One silver lining of the 2009 H1N1 pandemic was an increase in funding for research and surveillance of influenza viruses in pigs on a global scale, allowing myself and other scientists to dig deeper into the many unknowns about influenza in pigs. During the pandemic, the US Department of Agriculture (USDA) established routine surveillance and genomic sequencing of flu viruses collected in US herds. The UK Animal and Plant Health Agency established a research consortium to characterize virus diversity in European swine herds. Numerous research groups published their countries’ first surveillance reports for influenza in swine, even in Brazil and Australia where the herds were considered influenza-free. It turned out that anywhere there were pigs, there was flu. Swine veterinarians in many countries suddenly became interested in teaming up with me and my collaborators to figure out the genetic makeup of these newly discovered viruses and to develop customized vaccines.

Impugning a single country or animal species oversimplifies a geographically and ecologically intermixing world.

Some of the flu viruses identified by these efforts were genetically similar to the Eurasian viruses found in Europe or the triple-
reassortant and classical virus lineages circulating in the US, indicating that the viruses had traveled from centers of swine production in Europe and the US to other countries that regularly imported their live swine. Transporting live pigs across oceans is expensive and cumbersome, but many countries were rapidly modernizing their swine production towards the end of the 20th century and needed sows bred to produce larger litters of piglets, which were only available from the US, Canada, and Europe. Imported swine had to be documented to be free of certain pathogens such as African swine fever, but most pigs were not tested for influenza or quarantined. Because influenza frequently infects pigs asymptomatically, it makes an excellent stowaway.  

How had influenza viruses reached geographically isolated areas such as Western Australia, with its stringent quarantine requirements for imported animals? We were learning that the story of the 2009 pandemic had a twist. Yes, one H1N1 influenza virus had managed to jump from a pig to a human to spark the 2009 pandemic. But humans also transmit influenza viruses to swine in what’s known as reverse zoonosis. All that surveillance of flu viruses revealed that, following the pandemic, humans transmitted the virus back to swine all over the world en masse, including in Australia. Humans may refer to the 2009 pandemic as “swine flu,” but from the  pigs’ perspective, humans are the disease vectors. 

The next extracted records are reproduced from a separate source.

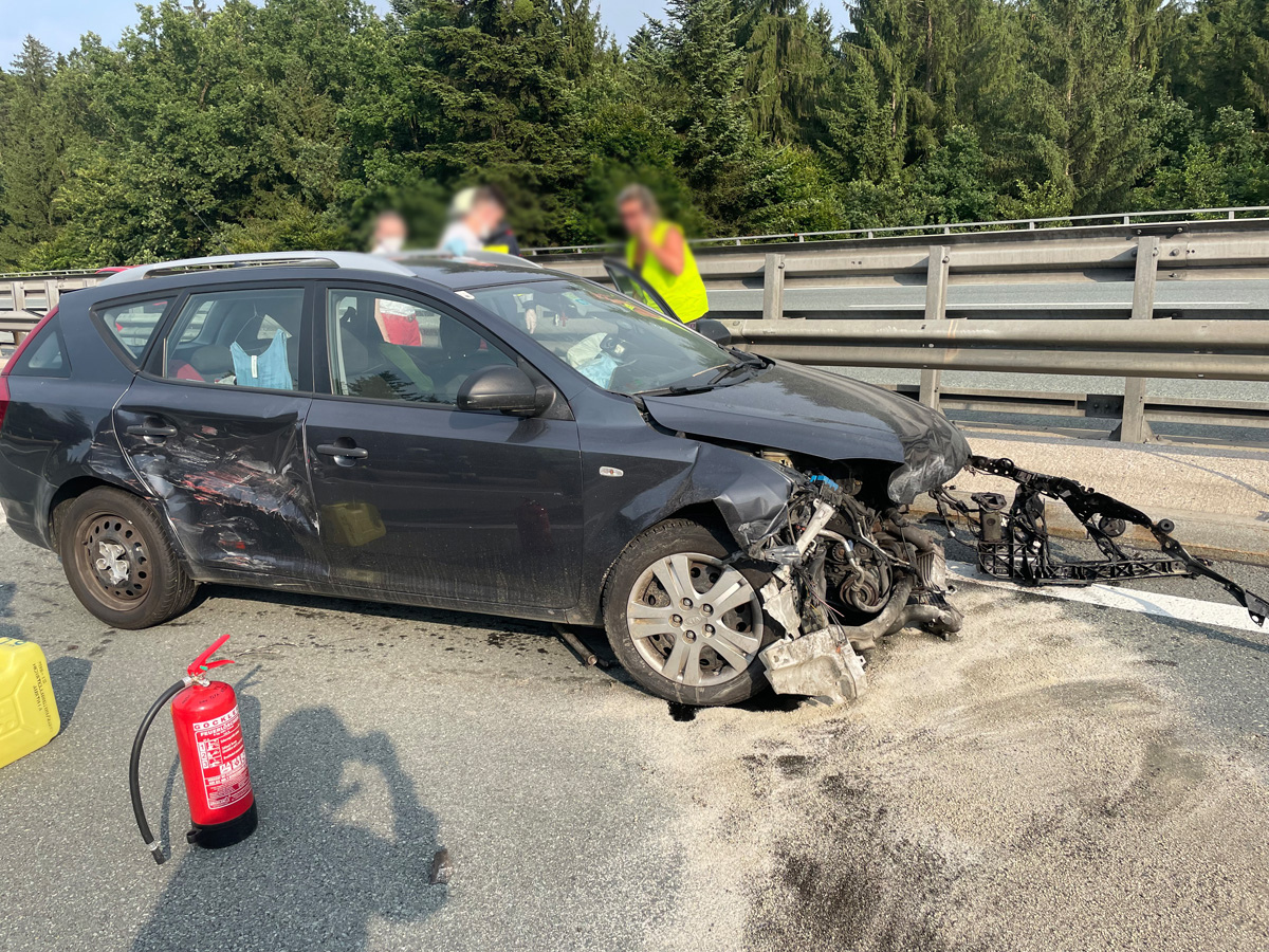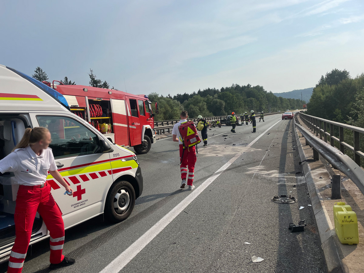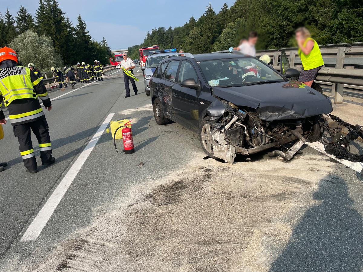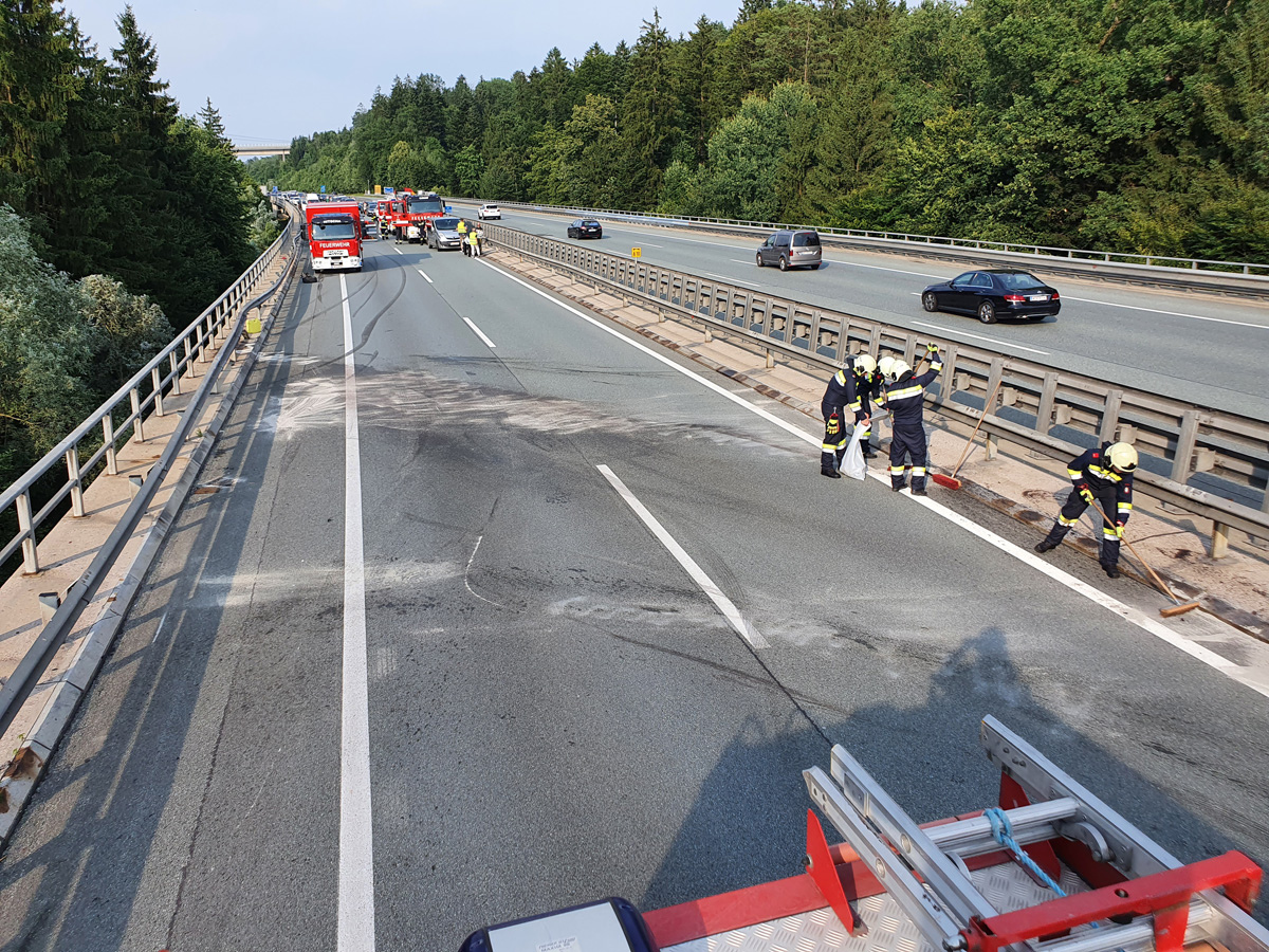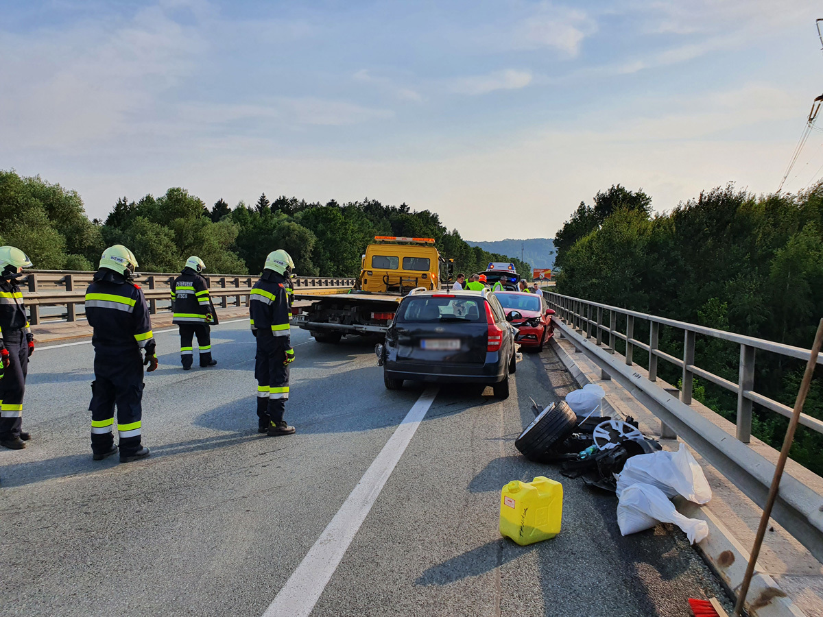 Einsatzkräfte: TLF-A 2000 und LKW Nitscha mit 16 Mann, FF Gleisdorf, Rettung, Polizei, ASFINAG, Abschleppunternehmen
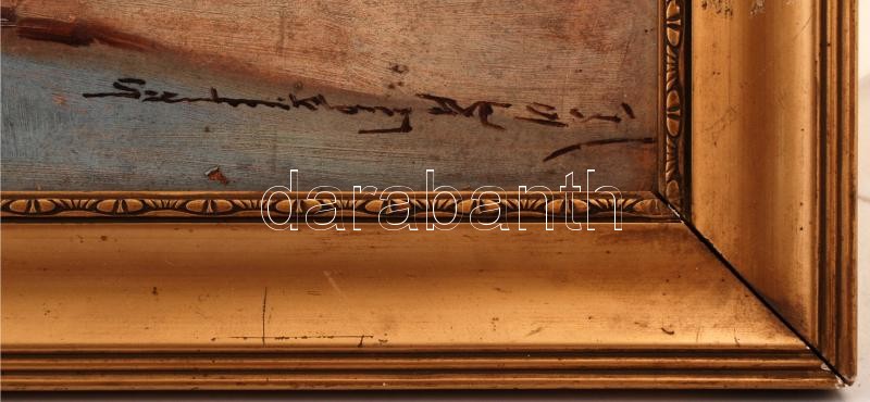 Beschreibung: Olvashatatlan jelzéssel: Falusi életkép a folyóparton, olaj, karton, fa keretben, 52×65,5 cm
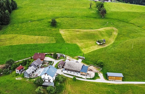 Working farm "Pichlerhof", 1'000 m a.s.l detached, surrounded by meadows and fields. Above Öblarn, in the district of Sonnberg, outside the resort, 3 km from the centre of Öblarn, in a secluded, sunny position, 19 km from the skiing area. For shared use: beautiful garden to relax. In the house: WiFi, storage room for bicycles, central heating system. 3.5 km long steep motor access (mountain road). In Winter: please take snow chains, 4x4 car recommended in winter. Parking at the house. Supermarket 3.5 km, restaurant 3 km, bakery 3 km, bus stop "Niederöblarn Murbergerweg" 3.3 km, bathing lake "Aicher Badesee" 11 km. Gondola lift 19 km. Nearby attractions: Zipline Stoderzinken 20 km, Dachstein Südwandbahn 42 km. Well-known ski regions can easily be reached: Galsterberg 19 km, Hauser Kaibling 22 km, Planai Schladming 29 km. Well-known lakes can easily be reached: Putterer See 14 km, Steirischer Bodensee 26 km, Grundlsee 39 km. Hiking paths: Sölktal Großsölk 11 km. On the estate animal husbandry. Please note: the owner lives on the same property.
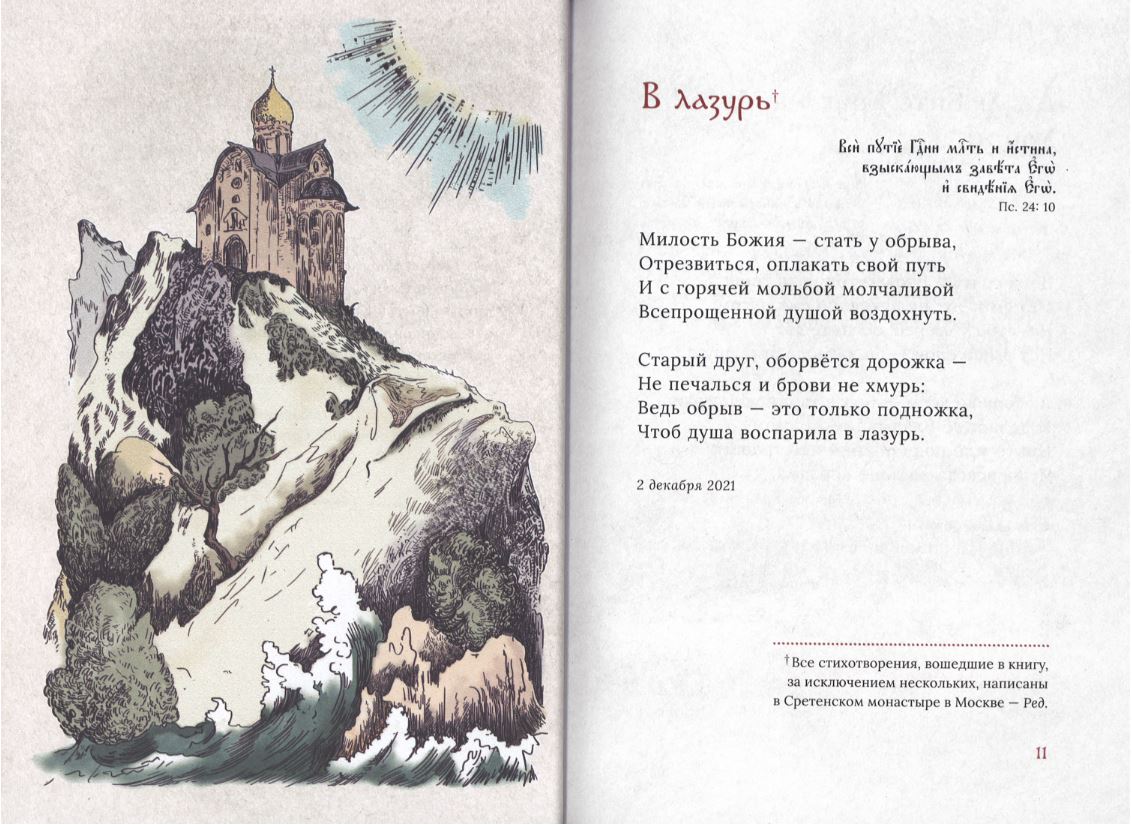 В новый поэтический сборник известного поэта и автора духовных песнопений иеромонаха Романа вошли стихотворения, написанные в Сретенском монастыре в 2021-2022 годах во время лечения от тяжелого заболевания. Жизнь в столице стала для отца Романа своего рода затвором, невольным подвигом, временем глубоких переживаний, размышлений и молитв. Все это отразилось в стихах, вошедших в сборник Представленные в книге стихотворения – о терпении и благодарности, о вере и доверии Богу, о принятии и истинном смысле посылаемых нам страданий и испытаний, о настоящем счастье и подлинной любви, о жизни земной и вечной. В этих стихах отец Роман делится с нами духовным опытом от пережитого и помогает найти тесный путь, ведущий ко спасению. Иеромонах Роман (в миру Александр Иванович Матюшин) родился 16 ноября 1954 года в селе Рябчёвске Трубчевского района Брянской области. Его отец, Иван Константинович, – участник Великой Отечественной войны. Мать, Зоя Николаевна, – сельская учительница. Она была верующим человеком и воспитала
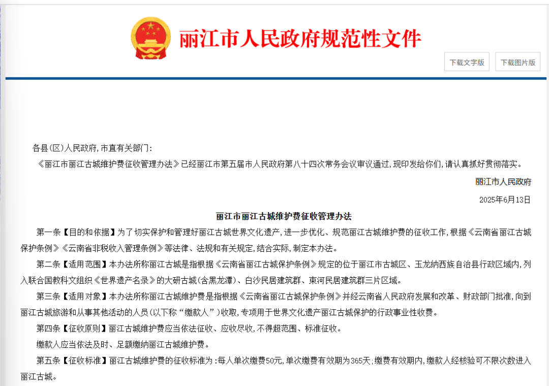 据丽江市人民政府官网发布的《丽江市丽江古城维护费征收管理办法》(下称“办法”),此次新规征收范围:涵盖大研古城(通俗意义上的丽江古城)、白沙民居建筑群、束河民居建筑群三片区域,即丽江古城景区的核心区域。
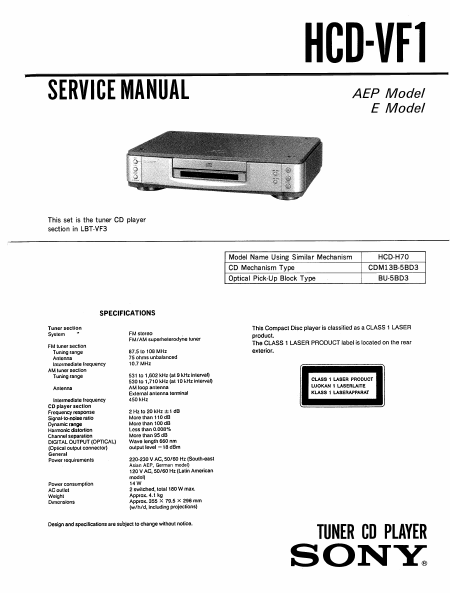 Descargar SONY HCD-VF1 Manual de taller Inglés (0 Páginas) 12.90 EUR
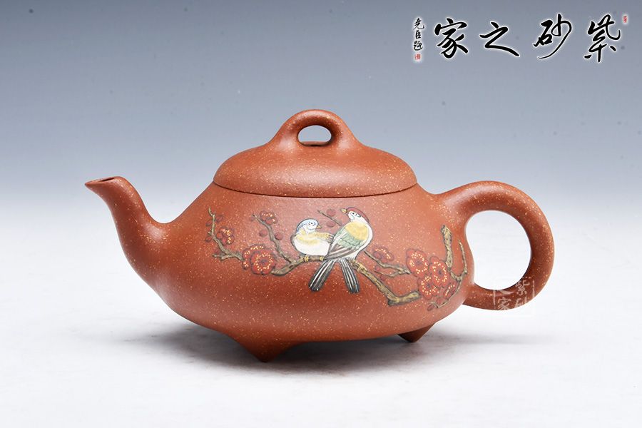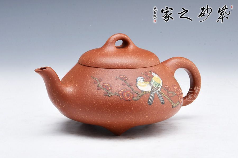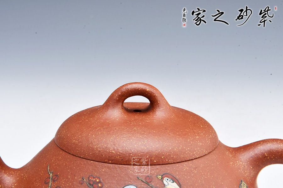 此款漢棠石瓢造型簡潔,壺身略扁,呈圓臺(tái)形,寧靜中彰顯雍容之勢(shì)。橋型鈕精致典雅,截蓋與壺身為一體,似天工自然削成。彎流蜿蜒而出,耳形把,握持舒適。壺底三個(gè)小尖足支撐起整個(gè)器型,雙面繪制,又添精致,值得賞藏。
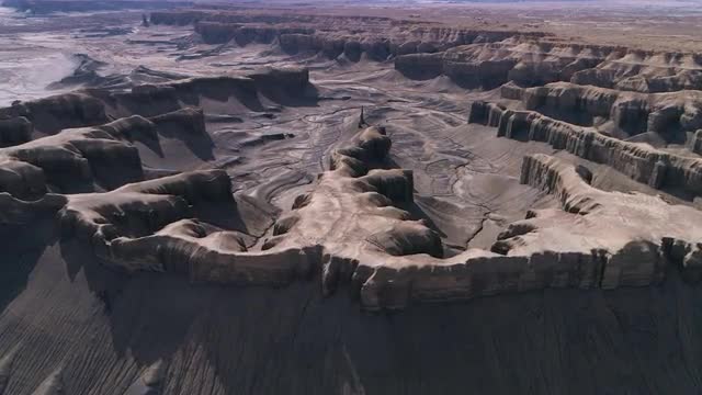 955436 - Aerial view flying over desert landscape in the Caineville desert
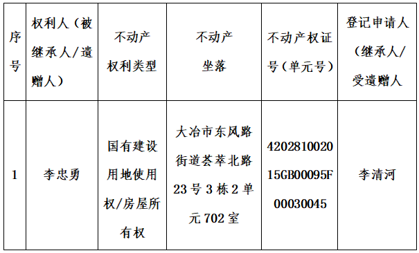 大冶市不动产登记中心不动产权继承公告(2026)第198号
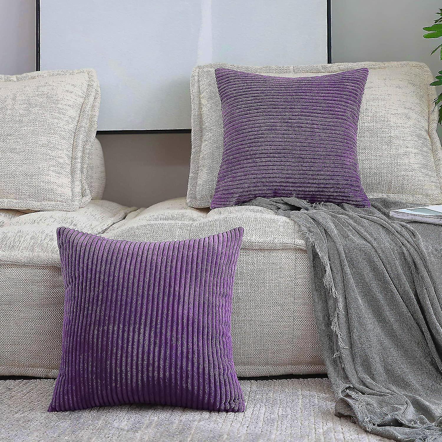 Set Of 2 Purple Pillows Covers Sofa Pillows Decorative Sets Striped Velvet Throw Pillow Covers, 16 X 16 Inch, 40cm, Purple
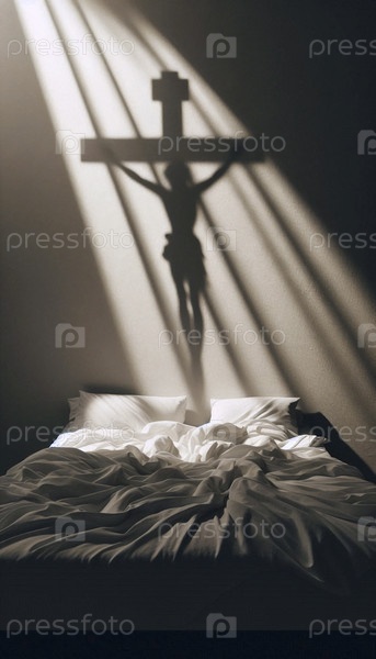 Тень распятия, выложенная на скрученных льнах, Ай создала изображение
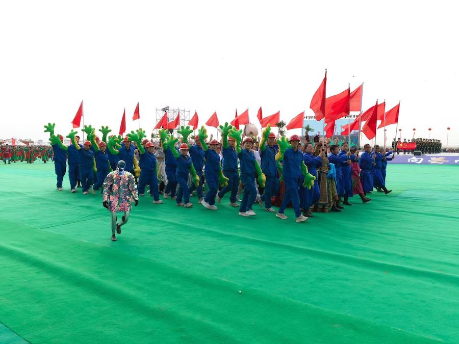 2025阿拉善那達(dá)慕開幕式上儀仗隊(duì)護(hù)送國(guó)旗走向場(chǎng)地
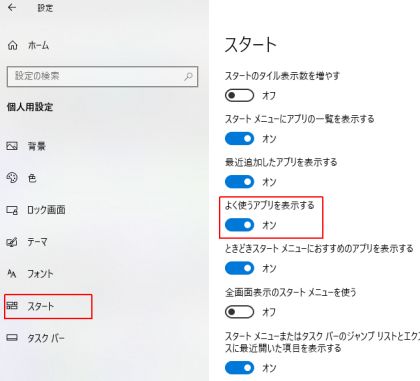 「スタート」にある「よく使うアプリ」の表示をオン/オフするだけでなく…
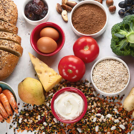 Natural sources of chromium. Natural healthy products containing chromium:egg, tomato,cocoa, grape, bread, bean, shrimp, potato, yogurt. Top view
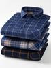 סתיו חורף חולצת צמר עיבוי גברים עסקים חולצה משובצת שרוולים ארוכים בגדים חמים מטה צווארון חולצות כפתורים קלאסיות
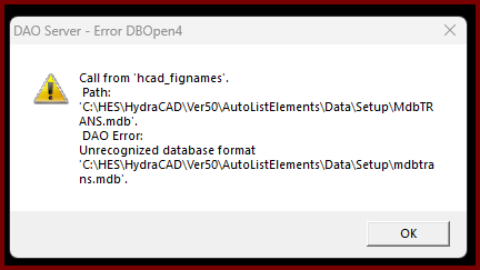 Card 1409 View | Opening a Drawing (AutoCAD Based) | None | None | Dao Server | When trying to open a drawing file, you get this error; DAO Server - Error DBOpen4 Call from 'hcad_fignames'. Path:'C:\HES\HydraCAD\Ver50\AutoListElements\Data\Setup\MdbTRANS.mdb' DAO Error: Unrecognized database format C:\HES\HydraCAD\Ver50\AutoListElements\Data\Setup\mdbtrans.mdb' When you click OK, AutoCAD crashes out |
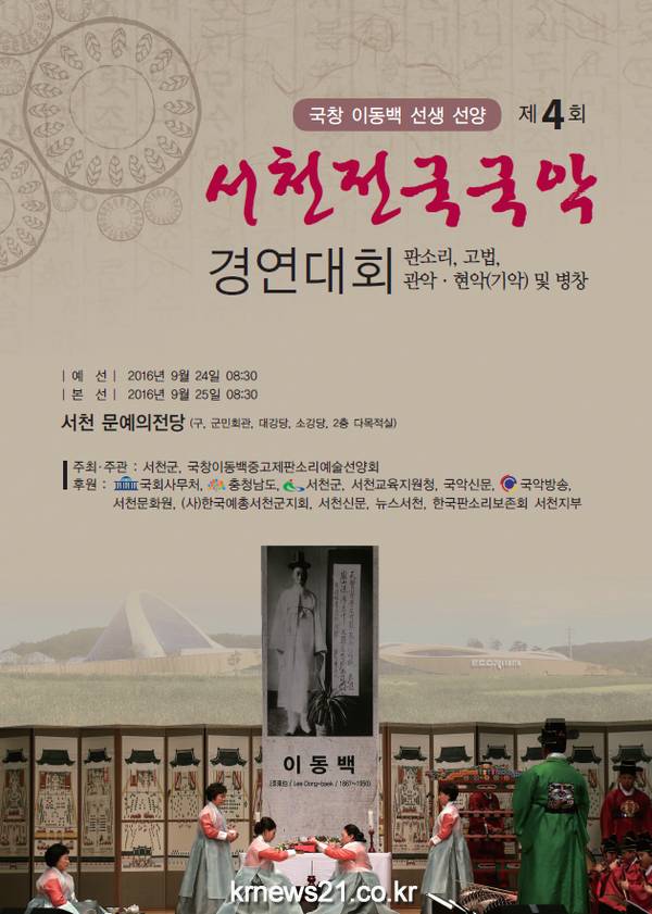 서천군은 오는 24일부터 25일까지 문예의 전당에서 국창 이동백 선양 ‘제4회
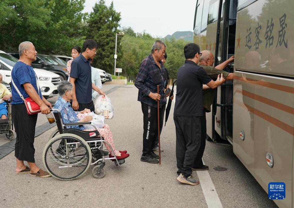 8月5日,北京市房山區青龍湖鎮口頭村村民在安置點(diǎn)登上接他們回家的大巴。

At first, the introduction of human viruses into swine herds created a disease problem largely restricted to pigs. But in each country, the human-sourced pandemic viruses quickly reassorted with other endemic swine viruses to create novel strains, some of which began to infect people. 

For example, during the summer of 2012, more than 300 American children, primarily in Ohio and Indiana, were infected by viruses from their show pigs, and my colleagues and I found that the viruses involved in that outbreak contained a piece of genetic material introduced into US herds by humans during the pandemic. This later round of zoonotic infections never established human-to-human transmission, so the strains never went global. But the scare was a wake-up call that new infectious diseases can arise at any time from unexpected sources—even from America’s wholesome state fairs—and that the risk of another influenza pandemic arising from pigs had only increased since 2009. 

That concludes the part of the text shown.